Clorox now anticipates fiscal year 2017 diluted EPS from
continuing operations in the range of $5.23
to $5.38, versus the previous outlook of $5.23 to $5.43, reflecting a 5-cent reduction in anticipated benefit from
adopting Accounting Standards Update (ASU) 2016-09, issued by the
Financial Accounting Standards Board, related to the accounting of
employee share-based payments. Clorox's fiscal year diluted EPS
outlook also reflects strong fiscal year-to-date sales growth,
innovation across the company's portfolio in the second half of the
fiscal year and continued expectations for full-year EBIT margin
expansion.
"We feel good about our strong sales results to date and look
forward to continued topline momentum in the second half of the
fiscal year supported by our upcoming new product launches," said
Chief Financial Officer Steve Robb.
"Moreover, we're confident in our long-term plans for margin
improvement, including in our International business, which is
making good progress in driving productivity improvements."
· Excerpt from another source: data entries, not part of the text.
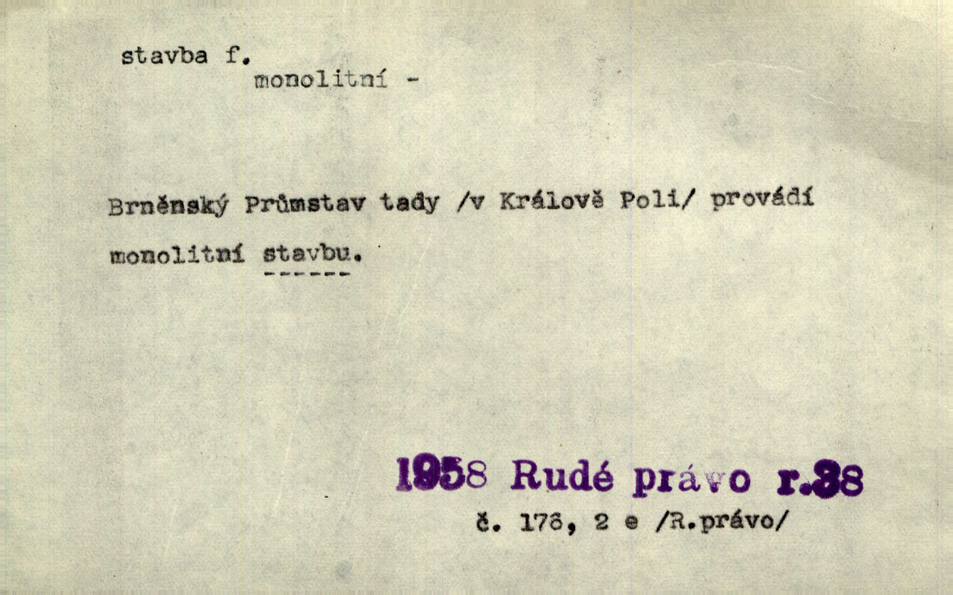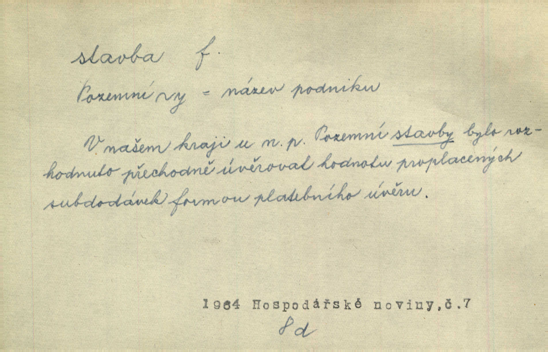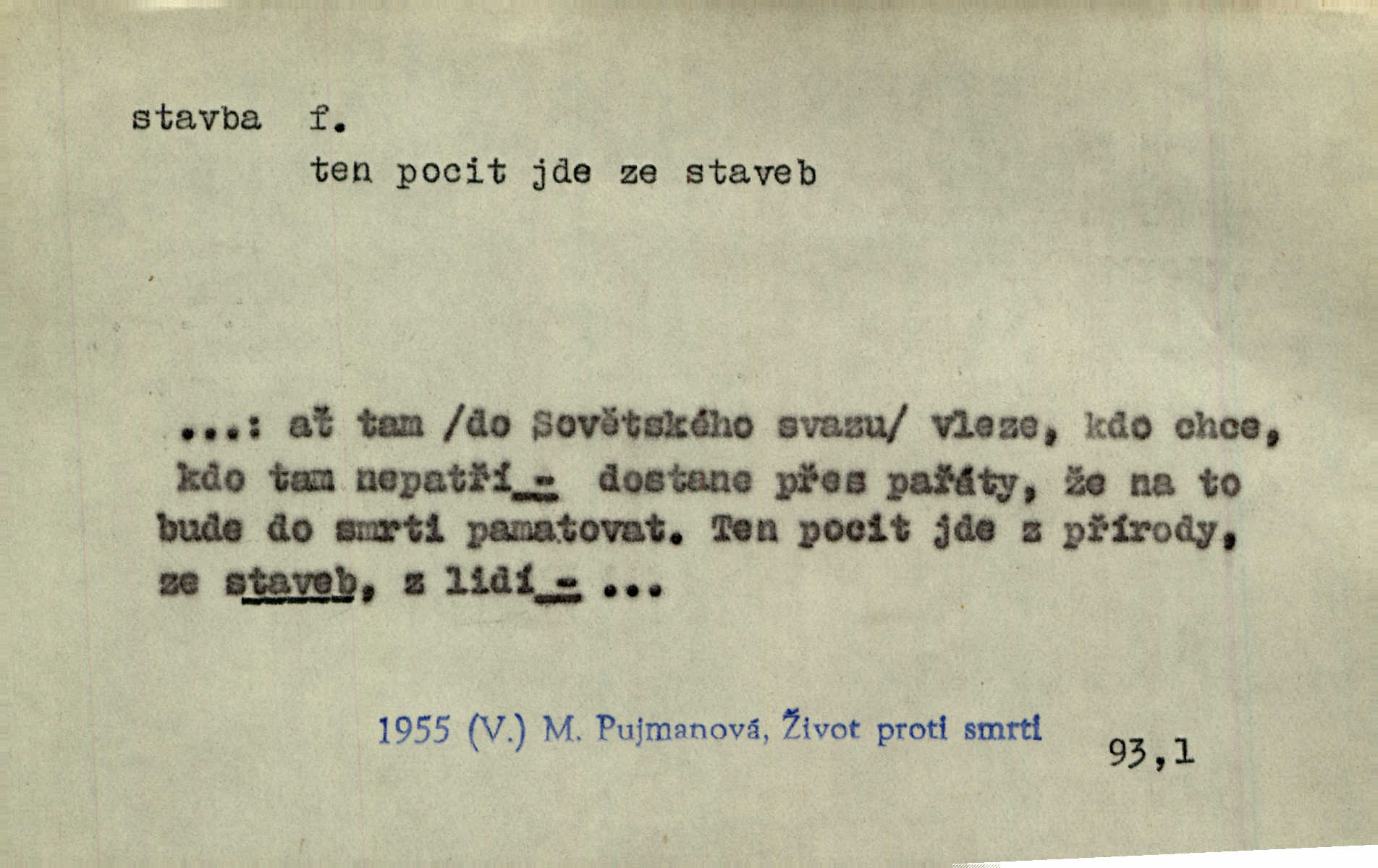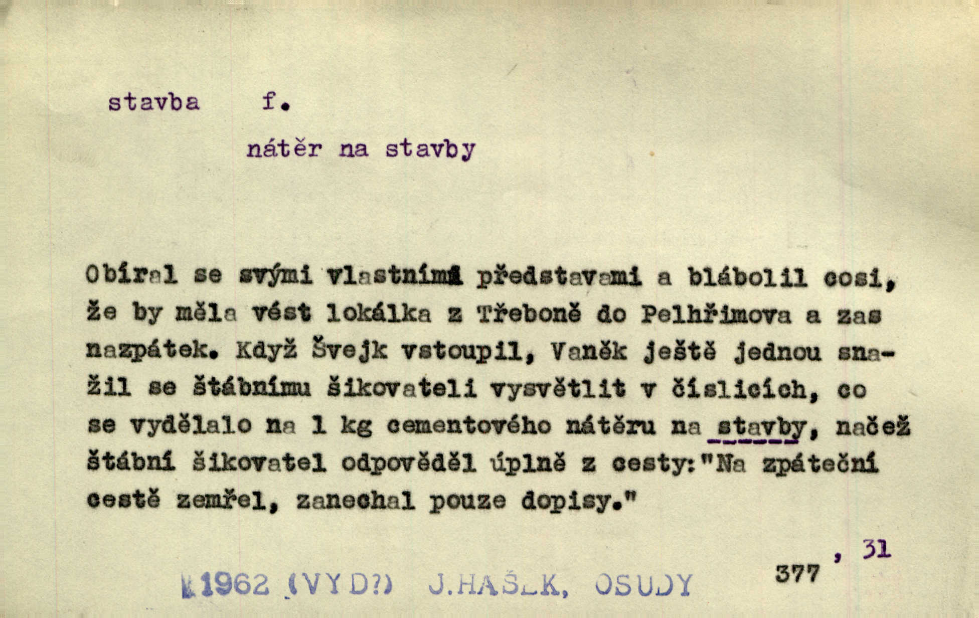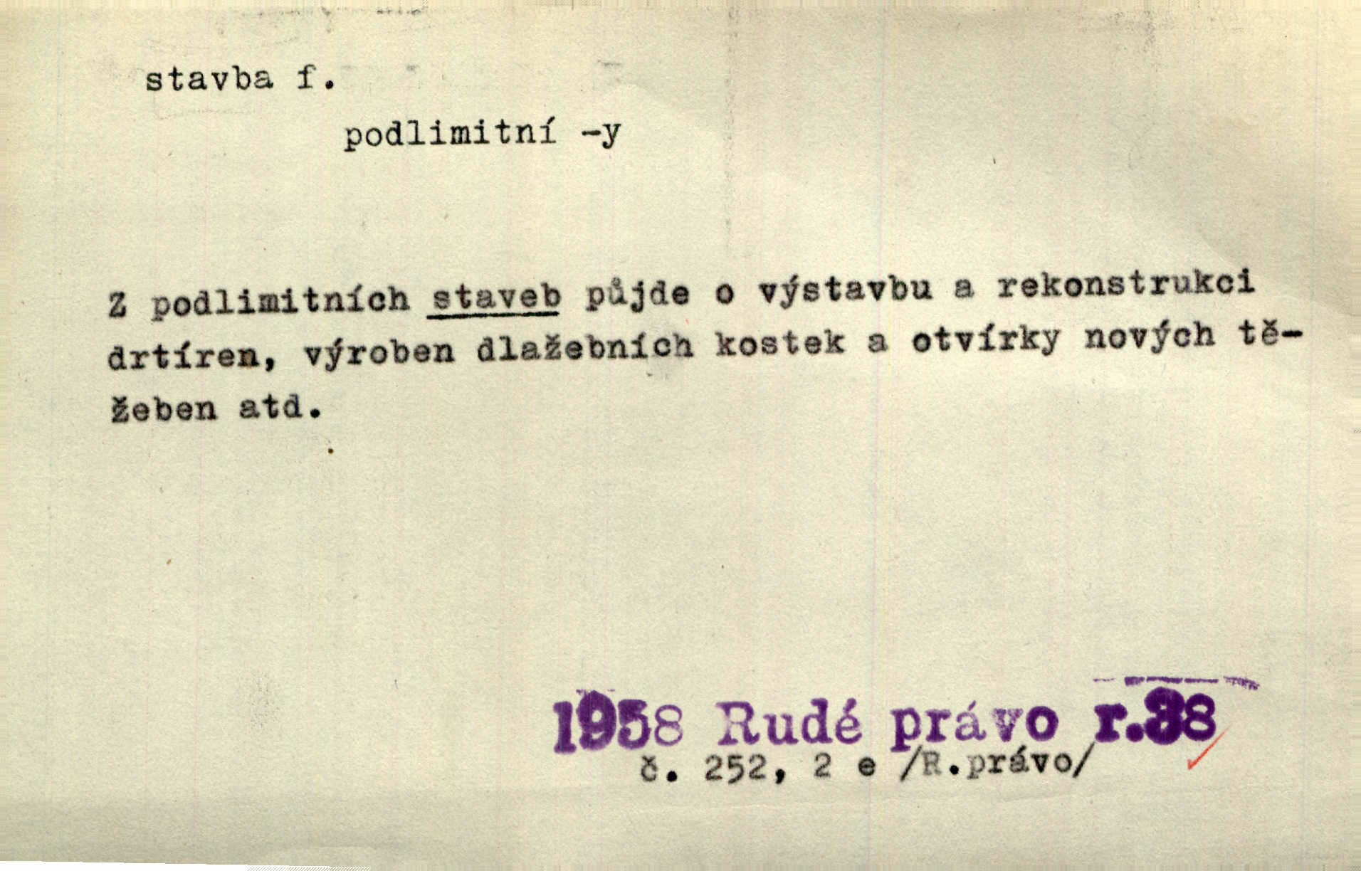 - stavba, -y f. souhrn výkonů určených k zbudování, vytvoření konstruktivního, technického díla, stavění. Mluví o stavbě nějaké továrny na Labi. Staš. Žádali vrchního o povolení ku stavbě. Jir. Opat Athanáš, jenž zvláště ve stavitelství sobě liboval, podnikl některé stavby. Jir. Za inženýry přihrnuli se různí podnikatelé stavby. Baar. On každý den ke stavbě dohlížel. Arb. Dnes pracujeme na stavbě jako ve všední den. Herrm. Za koníčka oblíbeného měl řezbu a stavbu lepenkových chrámů a hradů. Bouš. Z dříví bukového dělají se klády, též potřebuje se k vodním stavbám. Něm. Půjde prý na stavbu na železnici. Pfleg. Vyjednával s mužem zkušeným ve stavbě lodí. Zey. Kráčel v technice do sálu pro stavbu strojů. Svob. Technická věda, která se zabývá úkoly a prostředky výstavby obcí, se jmenuje stavba měst. Enc. č. ml. Přen. Základy ke stavbě mohútného státu byly již položeny. Pal. D výtvor této činnosti, něco vystavěného, zpr. budova Nádhernou stavbu tu zasvětili sv. Františku Xaverskému. Svět. Za vysokou mansardou hlavní budovy čněly ostatky pozdější gothické stavby. Zey. Dále do městečka kamenných staveb ubývalo. Rais. Patřme na veřejné stavby, na silnice, železnice. Havl. Cirkusový vůz je poctivá stavba z tvrdého dřeva. Týd. rozhl. Však oni [mravenci] pevně staví, a když jim to silnější moc nezkazí, tak snadno se jim stavba nesboří. Něm. Přen. Stavba kdysi mocné říše římské se viklá. Vaněček. Sfoukne rozmar chefův celou stavbu plánů zřízencových. Krás. Žel. vrchní stavba. Stav. vodní, břehové stavby; pozemní stavby, vodohospodářské stavby; srubové stavby. D způsob provedení, uspořádání částí tohoto výtvoru, stavební sloh. Prastarý dům divné stavby uličky běh uzavírá. Klášt. V rohu zahrady stál pavillonek lehounké stavby. Jir. Pod hradem stojí malá chaloupka zcela obyčejné chudobné stavby. Mácha. Divně vyjímal se v rozvalinách těch kostelík stavby novověké. Jir. Máchovo dílo je důmyslná stavba. Krit. měs. D záměrné, účelné sestavení, uspořádání, sestavování, pořádání částí celku. Jde [lehká atletika] cestami, které vedou k dokonalé stavbě těla. Rozhlas. Hrabě hladil bratrovy koně jemné stavby. Lang. Stavba jeho [Rekovy] lebky a slechy elegantně zavěšené vzbuzují nadšení všech lovců. Herb. Dokonalá znalost stavby květin a přesné poznatky dendrologické byly mu [malíři] cennou průpravou. Týd. rozhl. Nesčíslné zákony stavby a skladby probíhají hmotou jako tajemné matematické blesky. K. Čap. Nelze si zdravou stavbu a skladbu národa myslit bez zemědělství. Brázda. Umělecké dílo není pouhým napodobením jevové reality, ale záměrnou stavbou. Branž. Co do stavby jest první jednání [hry] nejzajímavější. Zl. Praha. Ve stavbě příběhů dosahuje autorka kouzelné poutavosti. Eva. Zajímaly mě stihající se rýmy, rytmický chod, stavby strof. Mach. Nevysvětlitelným způsobem se mu [autorovi] ztratila celá mluvnická stavba jazyka. V. Math. Jiná složka, která je již docela nepřímo spjata se zvukem, je syntaktická stavba věty. Muk. Fys. stavba hmoty. Geol. uspořádáni součástí v hornině, textura.
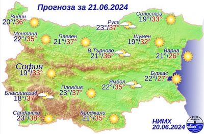 През нощта ще бъде предимно ясно, в повечето райони - почти тихо. Утре ще бъде предимно слънчево и горещо. В източната половина на страната ще духа слаб до умерен вятър от изток-североизток, в западната ще е почти тихо. Максималните температури ще бъдат между 33° и 38°, в Източна България - малко по-ниски, в София - около 33°.
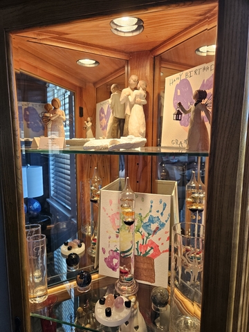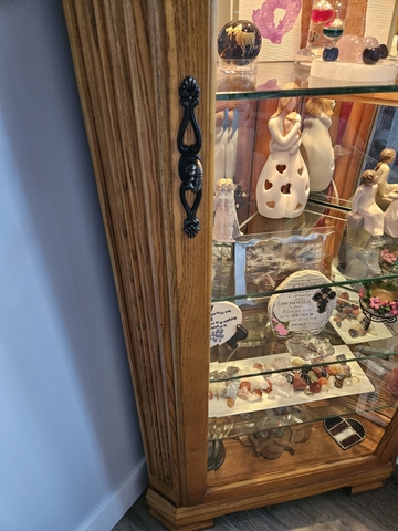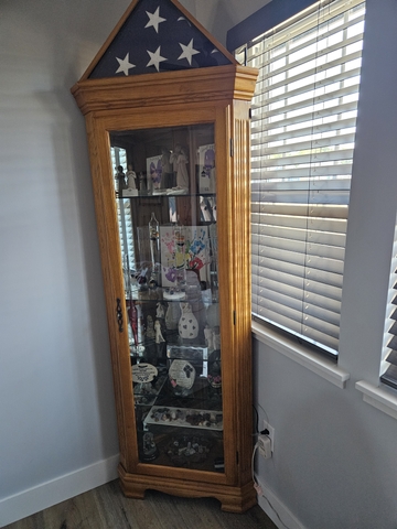 Solid wood, 5 adjustable glass shelves, and mirrored walls. 3 setting touch lighting. Sides measure about 13" width by about 26 " across, stands about 6 1/2 ft tall.
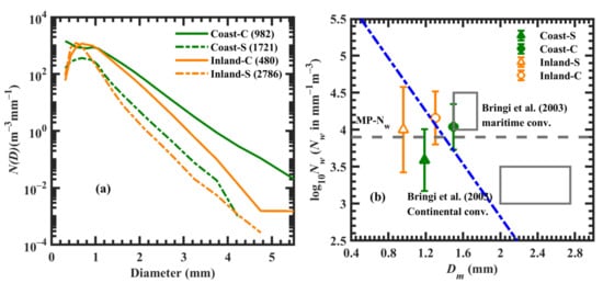 (a) Variations in mean raindrop concentration for stratiform (S) and convective (C) rainfall, and (b) variations of mean log10Nw with Dm values for convective and stratiform rainfall measured at the coastal and inland stations.
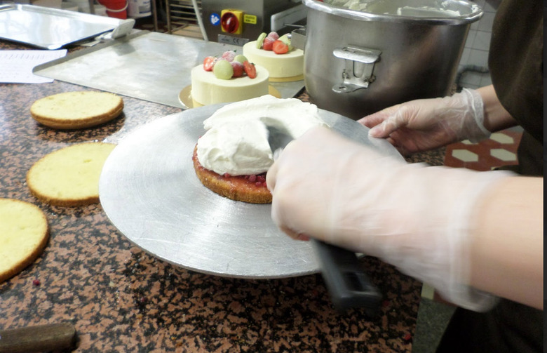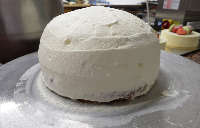 After the jam, whipped cream is spread evenly on each layer. To make it easier, the cake is put up on a rotating cake tray.
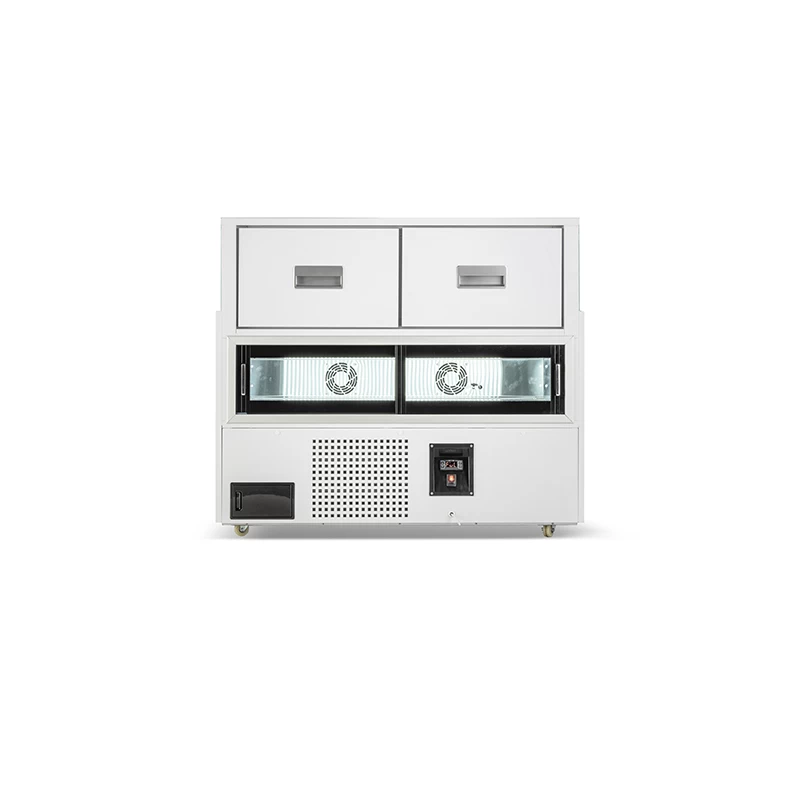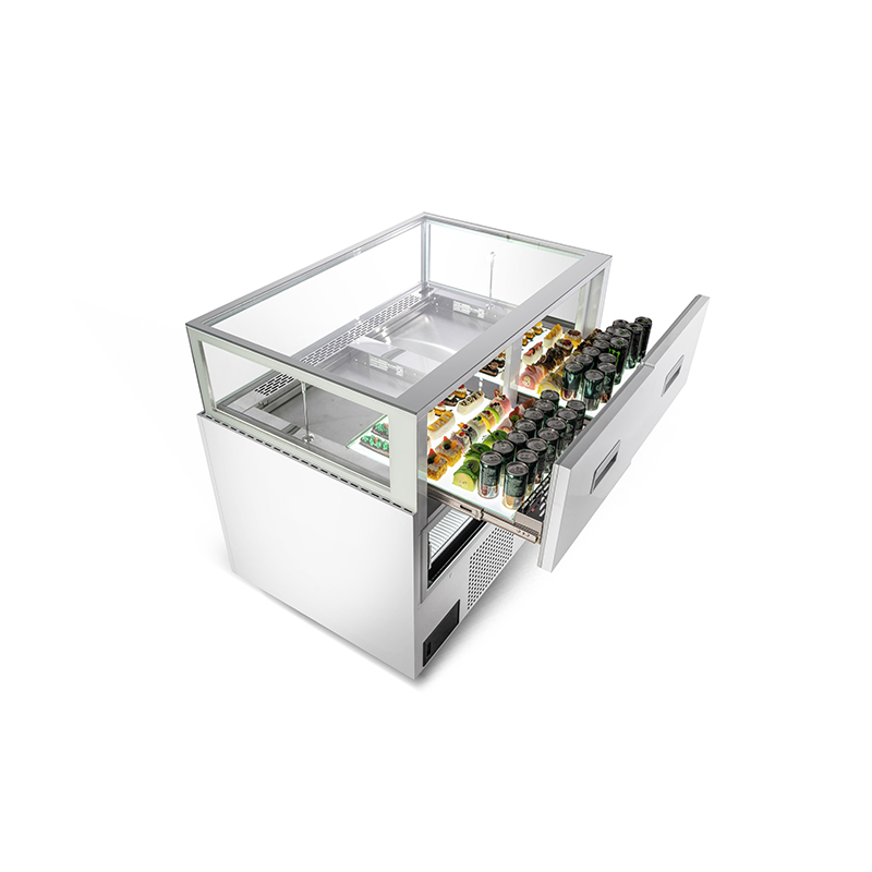 Επαγγελματική ψυχόμενη βιτρίνα κέντρου VCM120C, με ψυχόμενο αποθηκευτικό χώρο στο κάτω μέρος και προβολή συρτάρι στο πάνω μέρος. Διαθέτει φωτισμό Led και ρόδες, καθώς ο χρωματισμός του είναι λευκός. Επιπλέον φέρει σύστημα εξαγωγής ζεστού αέρα στα πλαϊνά και το μπροστινό τζάμι, το οποίο βοηθά στο να αποτρέψει την εμφάνιση υγρασίας.
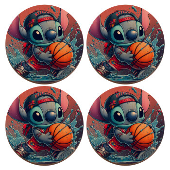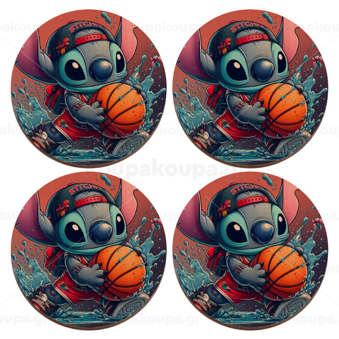 Stitch Basketball, ΣΕΤ x4 Σουβέρ ξύλινα στρογγυλά plywood (9cm)
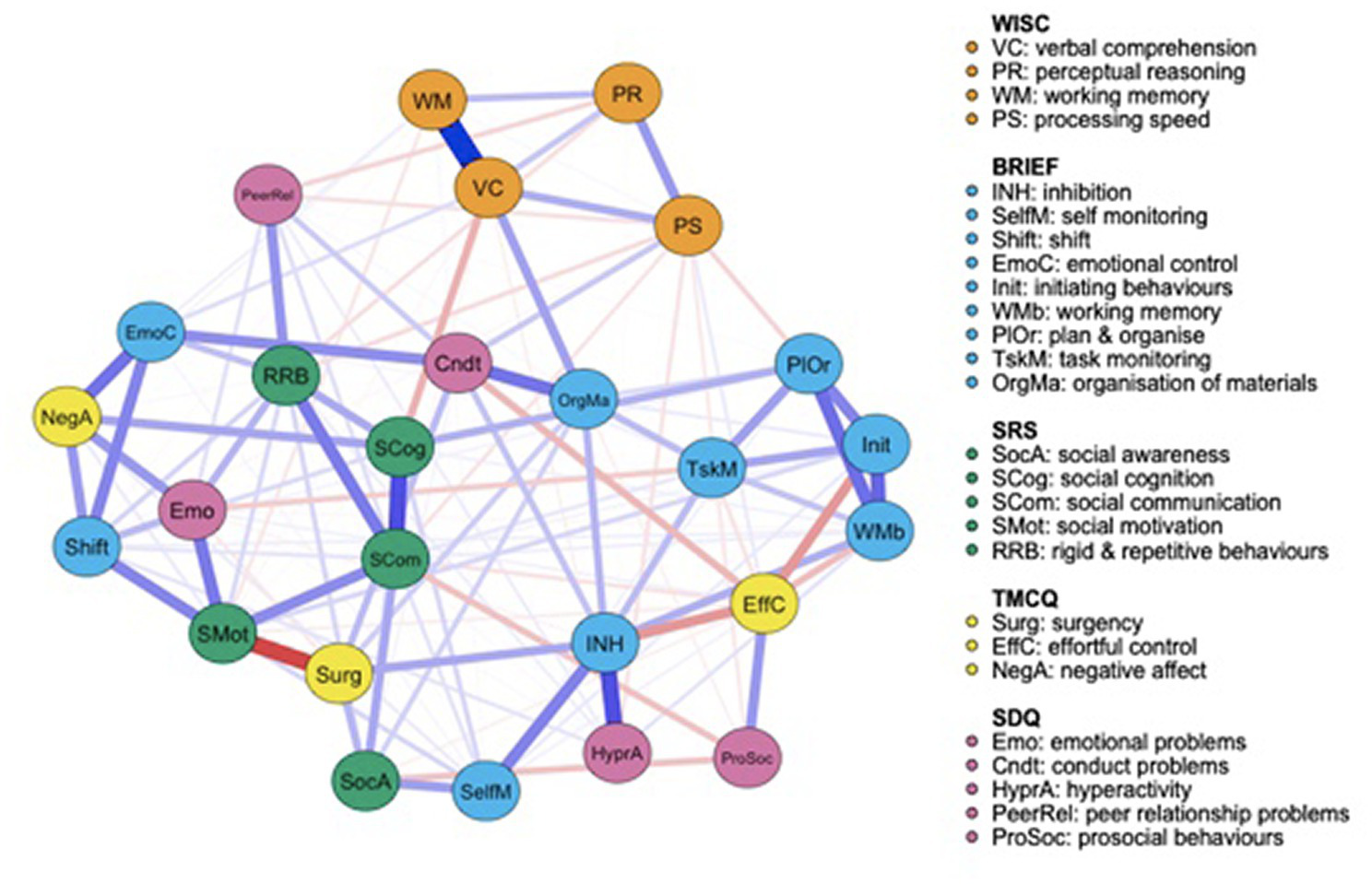 WISC, Wechsler intelligence scale for children; FSIQ, full scale IQ; VC, verbal comprehension; PR, perceptual reasoning; PS, processing speed; WM, working memory; SRS-2, social responsiveness scale; SCI, social communication and interaction; RRB, rigid and repetitive behaviors; SDQ, strengths and difficulties questionnaire; Emo, emotional difficulties; Cond, conduct problems; Peer Rel, peer relationship difficulties; HyperA, hyperactivity; ProSoc, prosocial behaviors; Int, initiating behaviors; Ext, externalizing behaviors; BRIEF-2, behavior rating inventory of executive functioning, second edition; Beh, behavioral difficulties; Emo, emotional difficulties: Cog, cognitive difficulties; TMCQ, temperament in middle children questionnaire; NA, negative affectivity; EC, effortful control; SU, surgency.

For More Detailed Financial Information
Visit the company's Financial Information: Quarterly Results
section of the company's website at TheCloroxCompany.com for the
following:
- Supplemental unaudited volume and sales growth information
- Supplemental unaudited gross margin driver information
- Supplemental unaudited reconciliation of certain non-GAAP
financial information, including earnings from continuing
operations before interest and taxes (EBIT) and earnings from
continuing operations before interest, taxes, depreciation and
amortization (EBITDA)
- Supplemental unaudited balance sheet and cash flow information
and free cash flow reconciliation
- Supplemental price-change information
Note: Percentage and basis-point changes noted in this press
release are calculated based on rounded numbers. Supplemental
materials are available in the Financial Information: Quarterly
Results section of the company's website at
TheCloroxCompany.com.
The Clorox Company
The Clorox Company (NYSE: CLX) is a leading
multinational manufacturer and marketer of consumer and
professional products with about 8,000 employees worldwide and
fiscal year 2016 sales of $5.8 billion. Clorox markets some of
the most trusted and recognized consumer brand names, including its
namesake bleach and cleaning products; Pine-Sol® cleaners; Liquid
Plumr® clog removers; Poett® home care products; Fresh Step® cat
litter; Glad® bags, wraps and containers; Kingsford® charcoal;
Hidden Valley® dressings and sauces; Brita® water-filtration
products; Burt's Bees® natural personal care products; and
RenewLife® digestive health products. The company also markets
brands for professional services, including Clorox Healthcare® and
Clorox Commercial Solutions®. More than 80 percent of the company's
sales are generated from brands that hold the No. 1 or No. 2 market
share positions in their categories.
Clorox is a signatory of the United Nations Global Compact, a
community of global leaders committed to sustainability. The
company also has been broadly recognized for its corporate
responsibility efforts, most notably receiving two Climate
Leadership Awards for Excellence in 2015 and a Safer Choice
Partner of the Year Award in 2016 from the U.S.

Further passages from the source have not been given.